Extracted records:
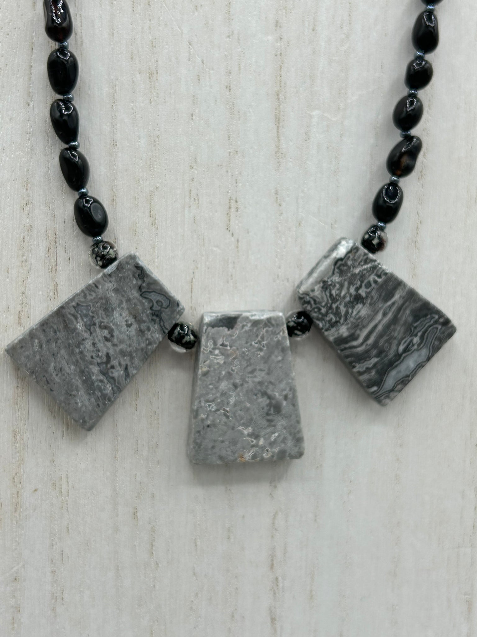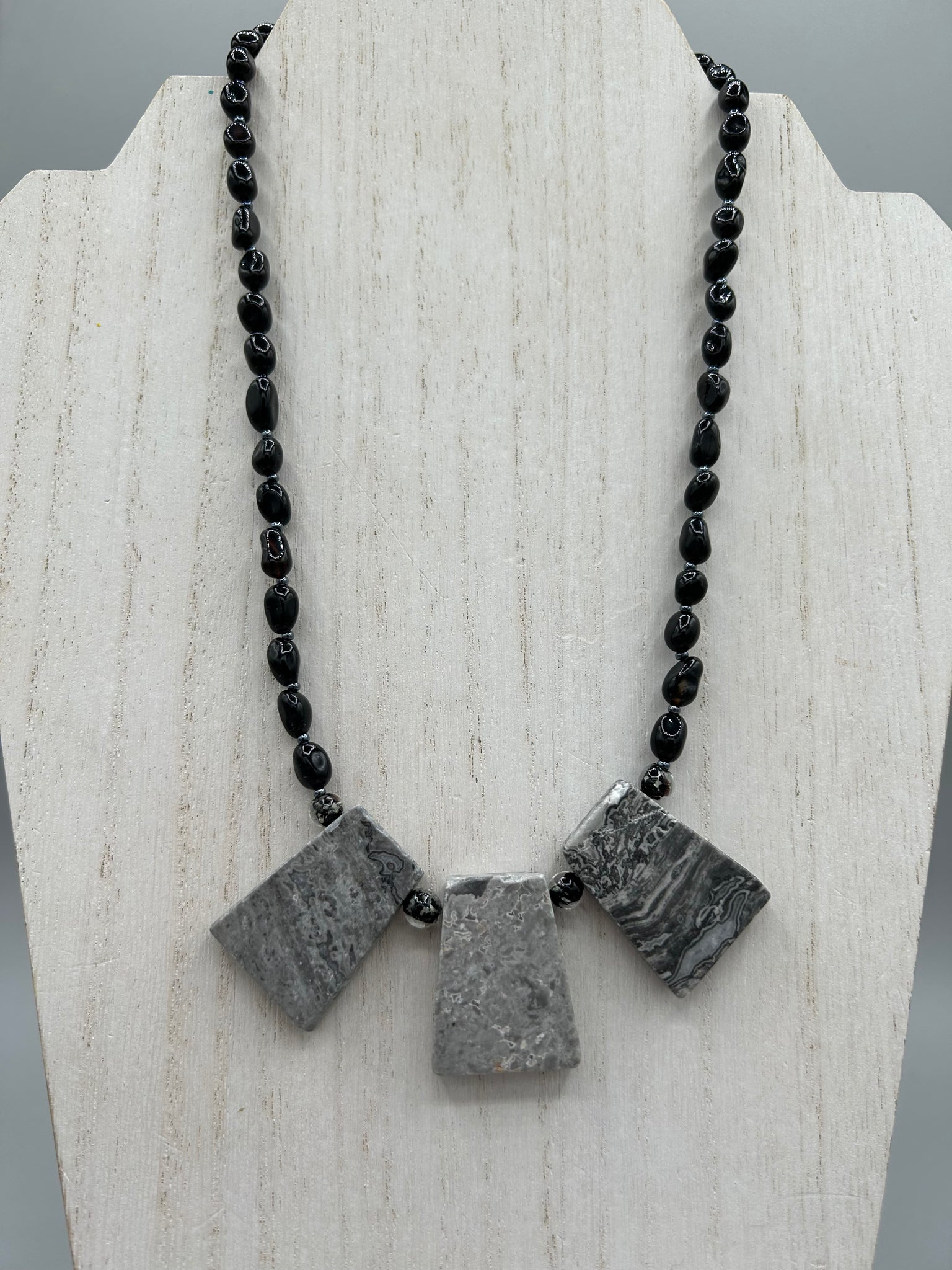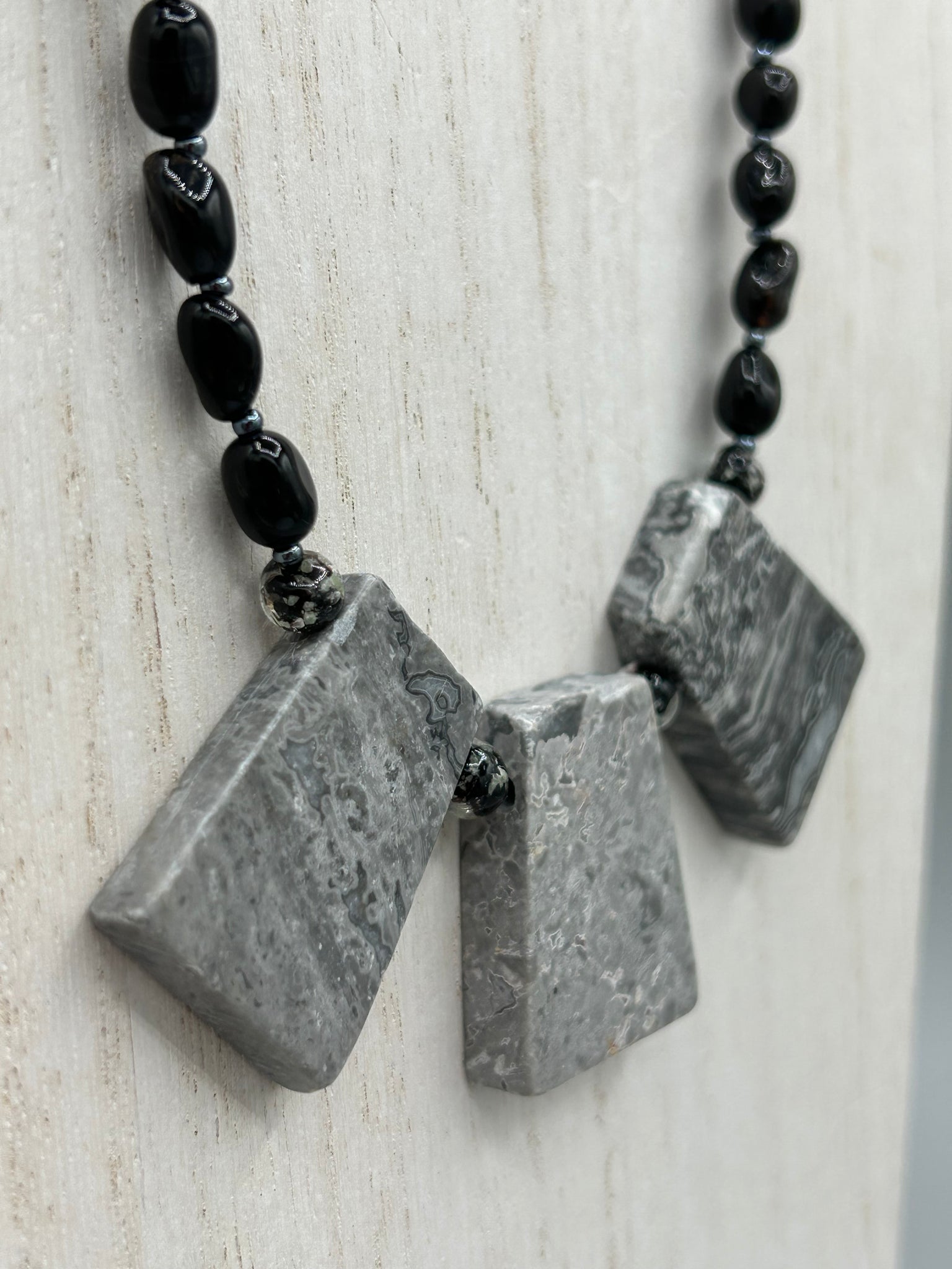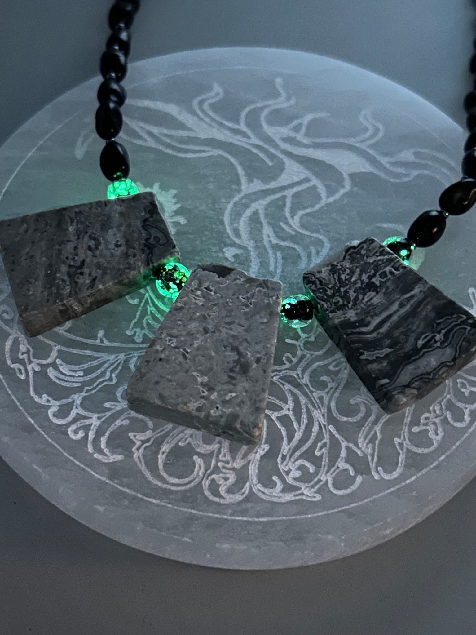 This rustic necklace features an eye-catching large trapezoid-shaped Picasso jasper and black agate combo set in a unique and chic design. For an added fun touch, four glass beads in the middle are glow in the dark. Handcrafted from genuine stones, this necklace is perfect for any bohemian look.
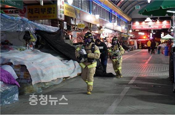 조치원소방서(서장 김수환)는 31일 20시경 세종전통시장에서 소방공무원, 자율 소방대 등 30여 명이 참석한 가운데 전통시장 가상 화재 진압훈련을 실시했다.
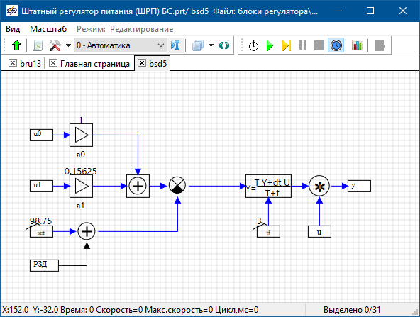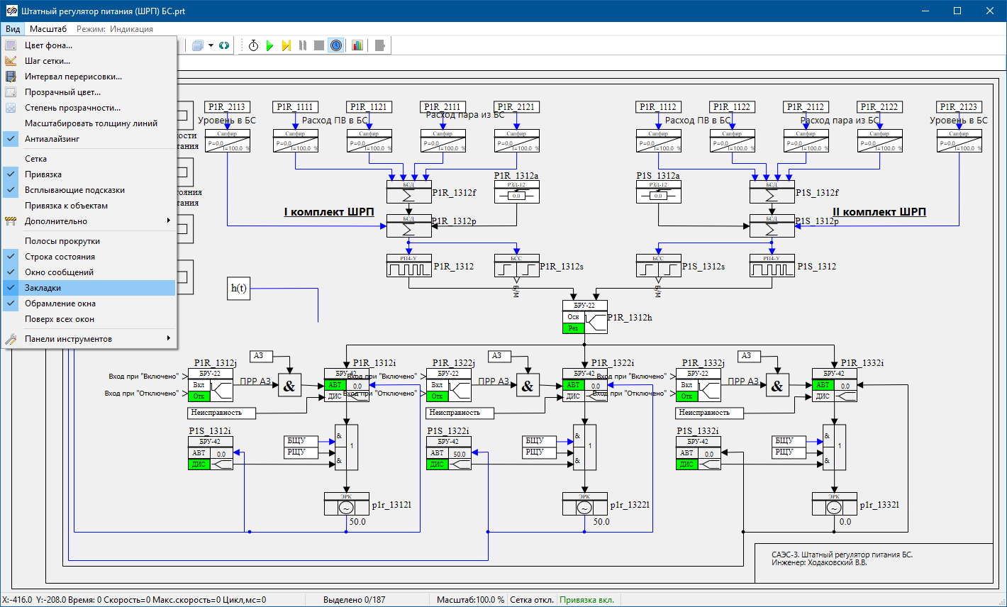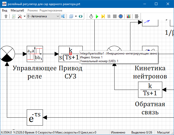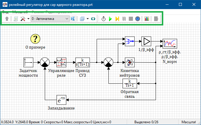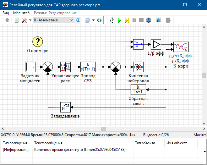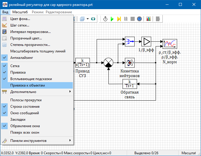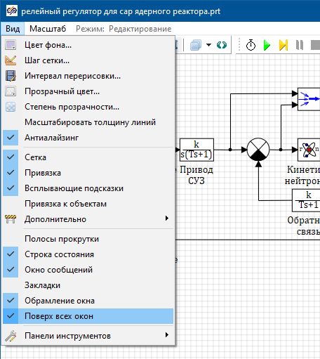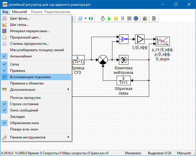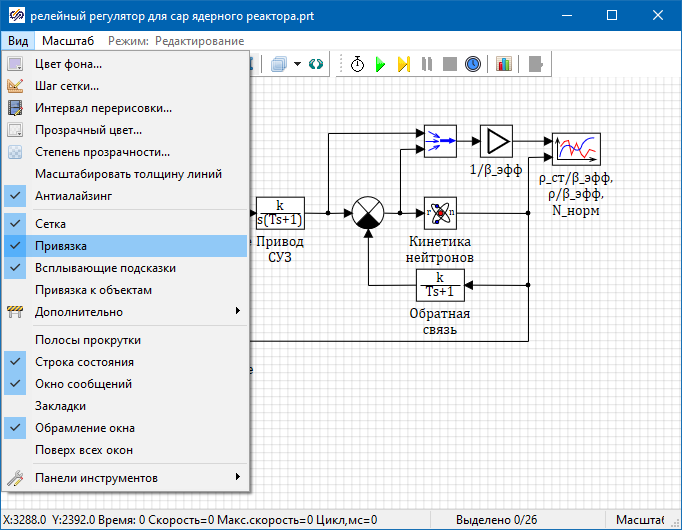 Для демонстрации возможностей по настройке Схемного окна будем использовать текущий проект "Релейный регулятор для САР ядерного реактора".
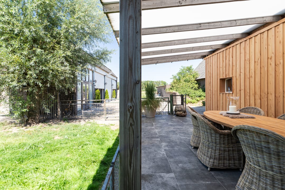 2. Perfect voor dierenliefhebbers en hobbyisten: Ruime weilanden, een originele schuur met paardenstallen, een groot bijgebouw en de mogelijkheid om een rijbak te realiseren maken dit de droomlocatie voor iedere paardenliefhebber. De bijgebouwen bieden volop mogelijkheden voor het houden van dieren of het uitvoeren van andere hobby’s.
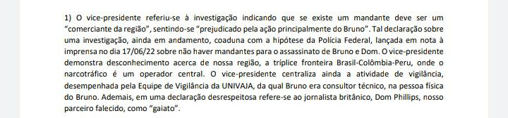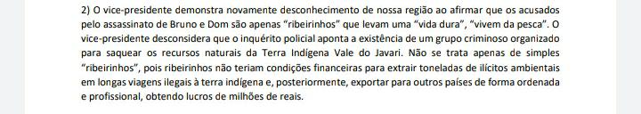 “O vice-presidente demonstra, novamente, desconhecimento de nossa região ao afirmar que os acusados pelo assassinato de Bruno e Dom são apenas “ribeirinhos” que levam uma “vida dura”, “vivem da pesca”. Não se trata apenas de simples “ribeirinhos”, pois, ribeirinhos não teriam condições financeiras para extrair toneladas de ilícitos ambientais, em longas viagens ilegais à terra indígena, e, posteriormente, exportar para outros países de forma ordenada e profissional, obtendo lucros de milhões de reais”, destaca.
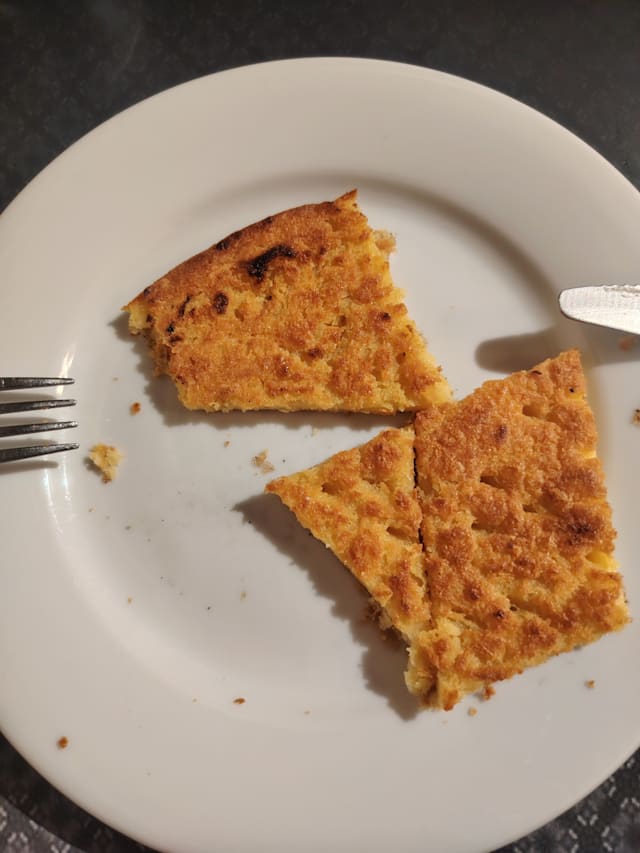 Frarinata is a thin, oven-baked pancake made with chickpea flour, water, salt and peanut oil.

▸ **TASK GOAL**
With the pictures left out, return each entry exactly as written.

▸ **ANSWER BELOW**
 This rustic necklace features an eye-catching large trapezoid-shaped Picasso jasper and black agate combo set in a unique and chic design. For an added fun touch, four glass beads in the middle are glow in the dark. Handcrafted from genuine stones, this necklace is perfect for any bohemian look.
 조치원소방서(서장 김수환)는 31일 20시경 세종전통시장에서 소방공무원, 자율 소방대 등 30여 명이 참석한 가운데 전통시장 가상 화재 진압훈련을 실시했다.
 Для демонстрации возможностей по настройке Схемного окна будем использовать текущий проект "Релейный регулятор для САР ядерного реактора".
 2. Perfect voor dierenliefhebbers en hobbyisten: Ruime weilanden, een originele schuur met paardenstallen, een groot bijgebouw en de mogelijkheid om een rijbak te realiseren maken dit de droomlocatie voor iedere paardenliefhebber. De bijgebouwen bieden volop mogelijkheden voor het houden van dieren of het uitvoeren van andere hobby’s.
 “O vice-presidente demonstra, novamente, desconhecimento de nossa região ao afirmar que os acusados pelo assassinato de Bruno e Dom são apenas “ribeirinhos” que levam uma “vida dura”, “vivem da pesca”. Não se trata apenas de simples “ribeirinhos”, pois, ribeirinhos não teriam condições financeiras para extrair toneladas de ilícitos ambientais, em longas viagens ilegais à terra indígena, e, posteriormente, exportar para outros países de forma ordenada e profissional, obtendo lucros de milhões de reais”, destaca.
 Frarinata is a thin, oven-baked pancake made with chickpea flour, water, salt and peanut oil.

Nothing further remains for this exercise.